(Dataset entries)
—————

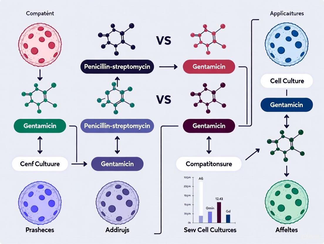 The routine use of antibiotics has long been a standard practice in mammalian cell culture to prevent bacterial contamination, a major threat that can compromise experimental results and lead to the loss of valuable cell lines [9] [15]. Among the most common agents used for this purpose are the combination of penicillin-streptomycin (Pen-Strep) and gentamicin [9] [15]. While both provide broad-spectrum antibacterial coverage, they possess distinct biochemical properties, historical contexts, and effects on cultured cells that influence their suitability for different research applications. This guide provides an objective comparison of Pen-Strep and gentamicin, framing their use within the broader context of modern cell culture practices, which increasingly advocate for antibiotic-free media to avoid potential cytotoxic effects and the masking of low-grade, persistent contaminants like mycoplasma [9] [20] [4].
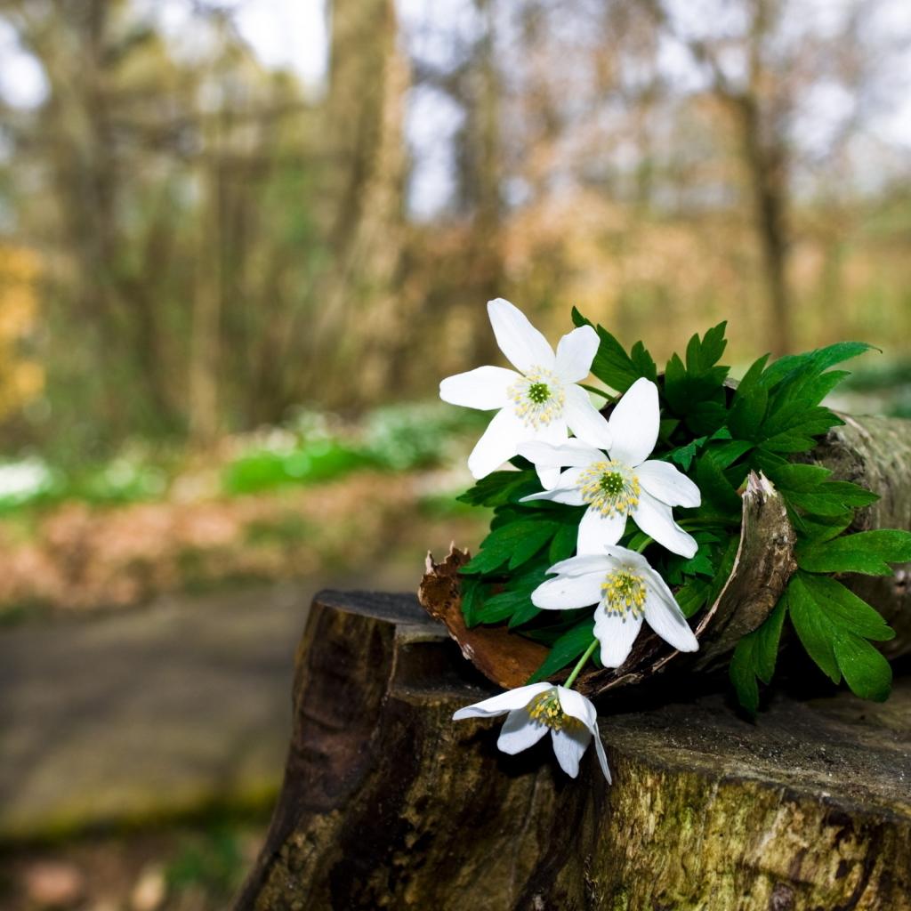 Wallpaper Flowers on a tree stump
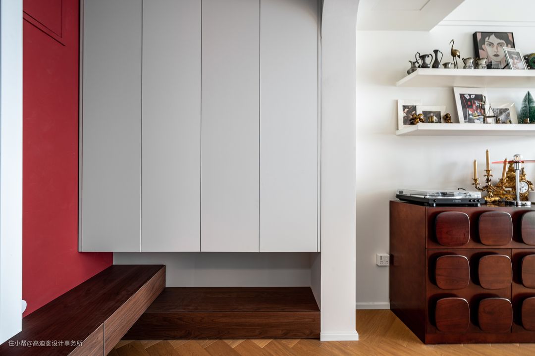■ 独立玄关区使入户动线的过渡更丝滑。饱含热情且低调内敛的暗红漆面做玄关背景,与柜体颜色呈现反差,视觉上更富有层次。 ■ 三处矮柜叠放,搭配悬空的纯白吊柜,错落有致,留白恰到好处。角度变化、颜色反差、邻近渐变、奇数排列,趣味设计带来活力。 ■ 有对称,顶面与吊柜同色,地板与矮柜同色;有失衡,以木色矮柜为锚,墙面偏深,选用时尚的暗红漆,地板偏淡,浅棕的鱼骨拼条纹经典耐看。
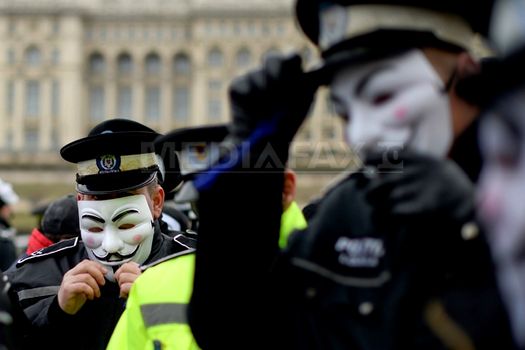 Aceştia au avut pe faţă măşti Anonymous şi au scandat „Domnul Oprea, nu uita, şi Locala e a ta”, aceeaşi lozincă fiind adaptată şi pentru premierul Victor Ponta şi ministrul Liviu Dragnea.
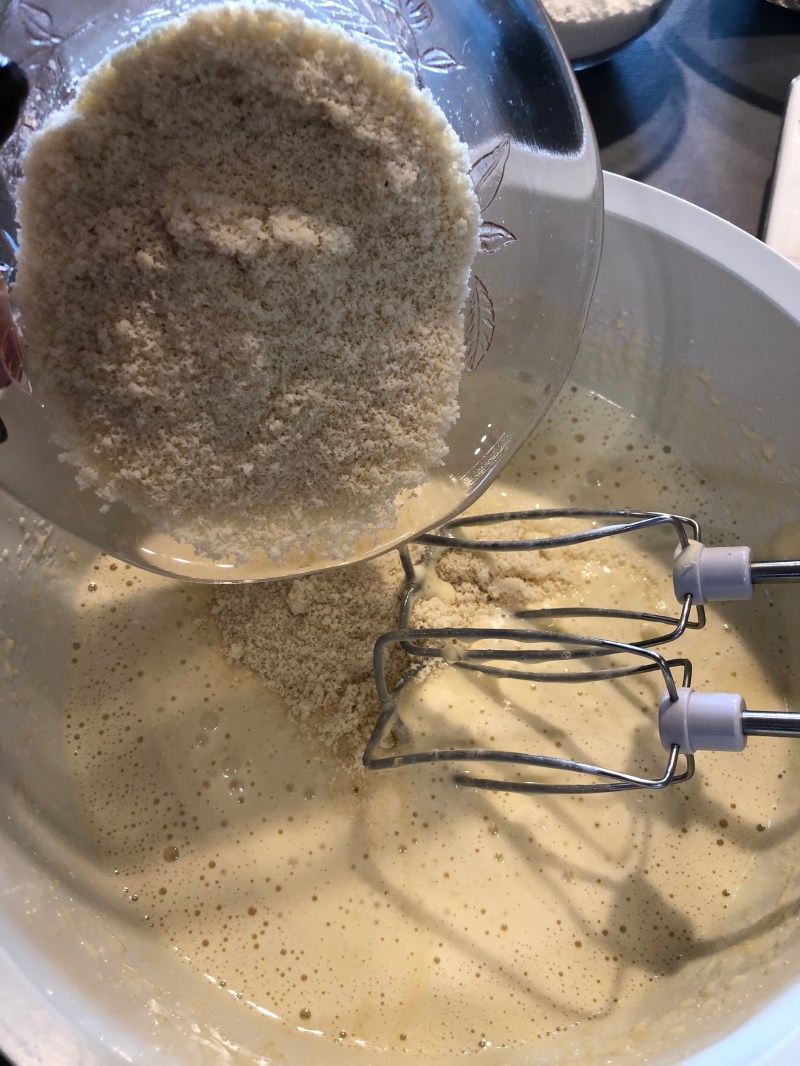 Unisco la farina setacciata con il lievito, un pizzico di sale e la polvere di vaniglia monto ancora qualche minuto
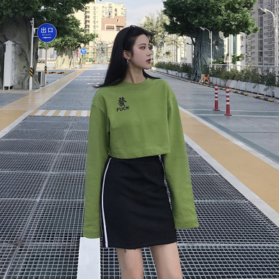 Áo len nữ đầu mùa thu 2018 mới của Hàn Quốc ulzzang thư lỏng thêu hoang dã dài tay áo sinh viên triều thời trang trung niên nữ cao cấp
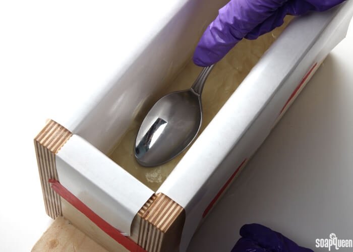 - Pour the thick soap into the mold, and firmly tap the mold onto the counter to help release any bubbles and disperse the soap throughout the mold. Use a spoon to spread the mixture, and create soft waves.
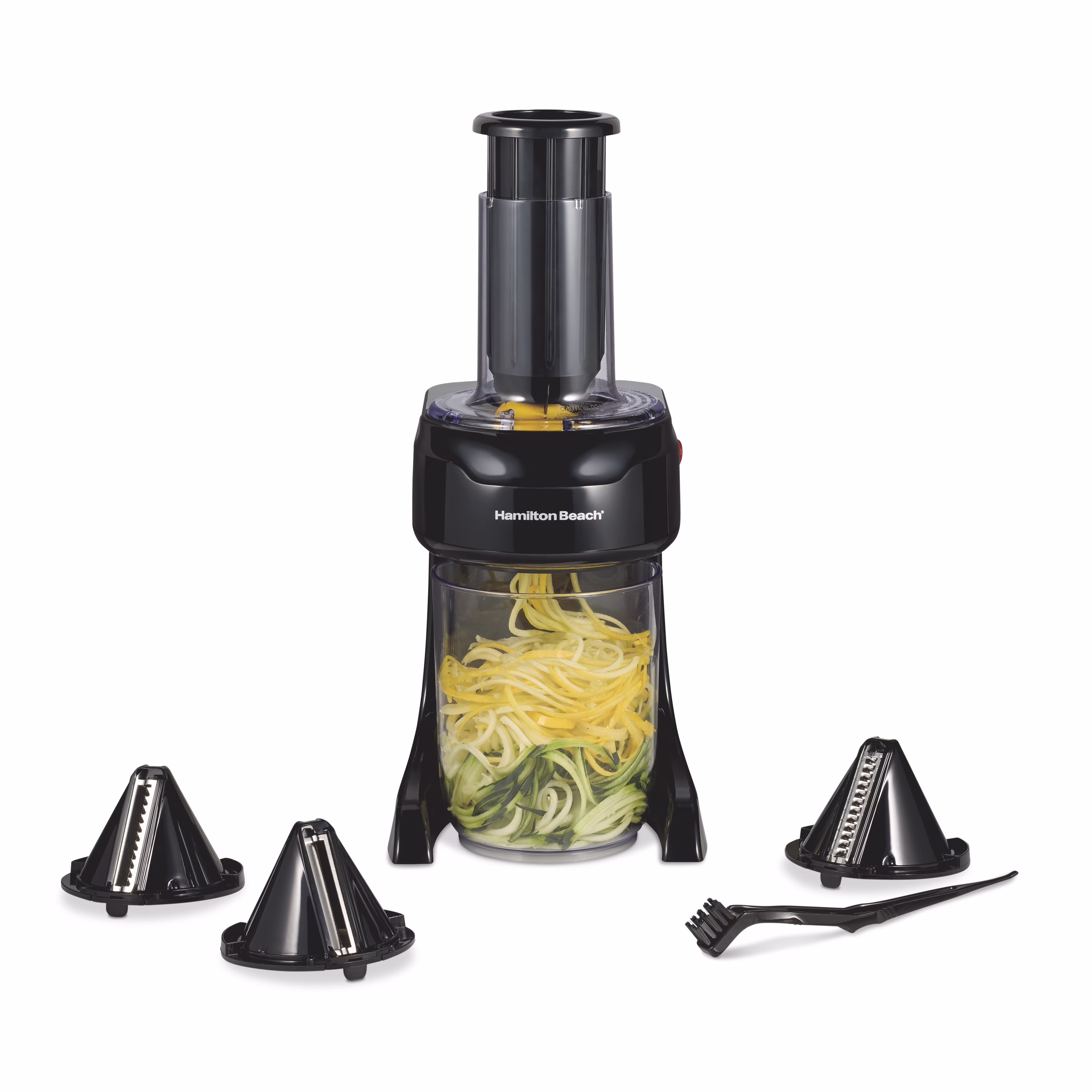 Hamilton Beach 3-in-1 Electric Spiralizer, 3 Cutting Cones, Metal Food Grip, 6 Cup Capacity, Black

—————

- **Goal of the exercise**
Output a precise copy of the entries, leaving the images out.

- **Solved exercise**
 The routine use of antibiotics has long been a standard practice in mammalian cell culture to prevent bacterial contamination, a major threat that can compromise experimental results and lead to the loss of valuable cell lines [9] [15]. Among the most common agents used for this purpose are the combination of penicillin-streptomycin (Pen-Strep) and gentamicin [9] [15]. While both provide broad-spectrum antibacterial coverage, they possess distinct biochemical properties, historical contexts, and effects on cultured cells that influence their suitability for different research applications. This guide provides an objective comparison of Pen-Strep and gentamicin, framing their use within the broader context of modern cell culture practices, which increasingly advocate for antibiotic-free media to avoid potential cytotoxic effects and the masking of low-grade, persistent contaminants like mycoplasma [9] [20] [4].
 Wallpaper Flowers on a tree stump
■ 独立玄关区使入户动线的过渡更丝滑。饱含热情且低调内敛的暗红漆面做玄关背景,与柜体颜色呈现反差,视觉上更富有层次。 ■ 三处矮柜叠放,搭配悬空的纯白吊柜,错落有致,留白恰到好处。角度变化、颜色反差、邻近渐变、奇数排列,趣味设计带来活力。 ■ 有对称,顶面与吊柜同色,地板与矮柜同色;有失衡,以木色矮柜为锚,墙面偏深,选用时尚的暗红漆,地板偏淡,浅棕的鱼骨拼条纹经典耐看。
 Aceştia au avut pe faţă măşti Anonymous şi au scandat „Domnul Oprea, nu uita, şi Locala e a ta”, aceeaşi lozincă fiind adaptată şi pentru premierul Victor Ponta şi ministrul Liviu Dragnea.
 Unisco la farina setacciata con il lievito, un pizzico di sale e la polvere di vaniglia monto ancora qualche minuto
 Áo len nữ đầu mùa thu 2018 mới của Hàn Quốc ulzzang thư lỏng thêu hoang dã dài tay áo sinh viên triều thời trang trung niên nữ cao cấp
 - Pour the thick soap into the mold, and firmly tap the mold onto the counter to help release any bubbles and disperse the soap throughout the mold. Use a spoon to spread the mixture, and create soft waves.
 Hamilton Beach 3-in-1 Electric Spiralizer, 3 Cutting Cones, Metal Food Grip, 6 Cup Capacity, Black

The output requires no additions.